Washington, D.C, 19 August 2022 (TDI): According to the World Bank Middle East & North Africa, it is assisting the cities of Yemen in restoring urban infrastructure services and increasing climate change resilience.

The Yemen conflict has now lasted seven years. Water shortages, flood damage, and limited government capacity have left two-thirds of the population without access to safe water, sanitation, and other essential services.

These are inducing a humanitarian crisis exacerbated by extreme poverty, food and water scarcity, a cholera outbreak, and disrupted healthcare services.

According to the statistics, the heat island effects in urban areas might exacerbate by the projected increase in the intensity and frequency of extreme temperatures. Meanwhile, Yemeni cities are struggling to provide even the most basic of services.

Disadvantaged communities are more likely to live in areas prone to climate extremes and a lack of services, and thus suffer disproportionately.

Work of World Bank in Urban Services

The World Bank has been working a lot on improving urban services. In addition, between 2017 and 2020, the World Bank’s Yemen Integrated Urban Services Emergency Project (YIUSEP) provided emergency services to ten Yemeni cities.

Moreover, in collaboration with the United Nations Office for Project Services (UNOPS), a second phase, YIUSEP II, was launched in June 2021.

In addition, the project’s second phase assists the country in meeting emergency needs by restoring urban infrastructure services. It also works in increasing resilience to climate change in the 16 cities chosen for the project.

According to the data from World Bank some cities, such as Sana’a, are particularly vulnerable due to their dense population and architectural heritage.
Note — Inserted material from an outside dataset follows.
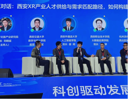 在圆桌讨论环节,庞闻院长围绕“XR产业人才供给与需求匹配路径”议题,结合我校人工智能与旅游学科交叉特色,发表专题讲话。他指出,当前XR产业面临高端复合型人才短缺的挑战,需通过“学科融合、校企共育”打破传统培养边界。庞闻院长强调:“西安外国语大学正积极探索‘语言+技术+行业’的跨学科培养模式,依托旅游学院与人工智能学院的协同优势,推动XR技术在文旅场景中的创新应用,为数字文旅、国际传播等领域培养具备技术能力与全球视野的复合型人才。”

Yemen’s coastal cities are already under the effect of rising sea levels and storm surges.

Yemeni Employment by World Bank 

Further, Emily Owen Urban development specialist adds that the Yeman needs a lot of work to be done in the urban sector infrastructure. It needs to create more employment opportunities to become resilient against flooding and flash flooding.

Additionally, the World Bank is now employing Yemeni local consultants and experts. These people conduct field surveys and engage directly with local communities and stakeholders in several cities across the country. It will help in the identification of climate-related issues and help in prioritizing and designing the intervention.